What needs to be done =
Below are records with pictures in them. Output exactly the lines from the one with "(서울=연합뉴스) 전명훈 이은정" through the one with "Alivia as dores", both included, and leave every picture out; give only those lines.
** Records shown follows **
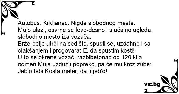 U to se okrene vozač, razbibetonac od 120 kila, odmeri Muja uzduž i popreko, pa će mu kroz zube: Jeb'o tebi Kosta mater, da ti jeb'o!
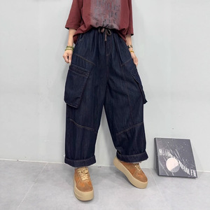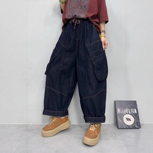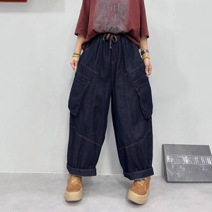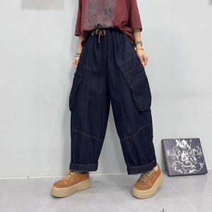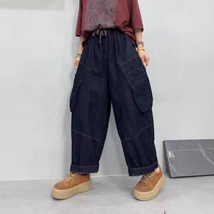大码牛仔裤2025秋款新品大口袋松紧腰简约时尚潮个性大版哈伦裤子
** End of Records shown **
** Records shown follows **
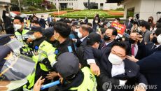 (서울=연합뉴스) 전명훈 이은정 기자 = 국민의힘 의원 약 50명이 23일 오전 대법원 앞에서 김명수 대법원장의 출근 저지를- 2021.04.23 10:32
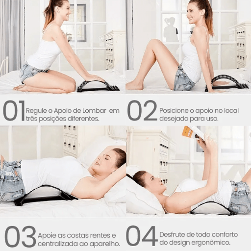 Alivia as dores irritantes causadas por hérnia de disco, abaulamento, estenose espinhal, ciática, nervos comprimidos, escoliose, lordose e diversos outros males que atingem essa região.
** End of Records shown **
Answer to the exercise =
 (서울=연합뉴스) 전명훈 이은정 기자 = 국민의힘 의원 약 50명이 23일 오전 대법원 앞에서 김명수 대법원장의 출근 저지를- 2021.04.23 10:32
 Alivia as dores irritantes causadas por hérnia de disco, abaulamento, estenose espinhal, ciática, nervos comprimidos, escoliose, lordose e diversos outros males que atingem essa região.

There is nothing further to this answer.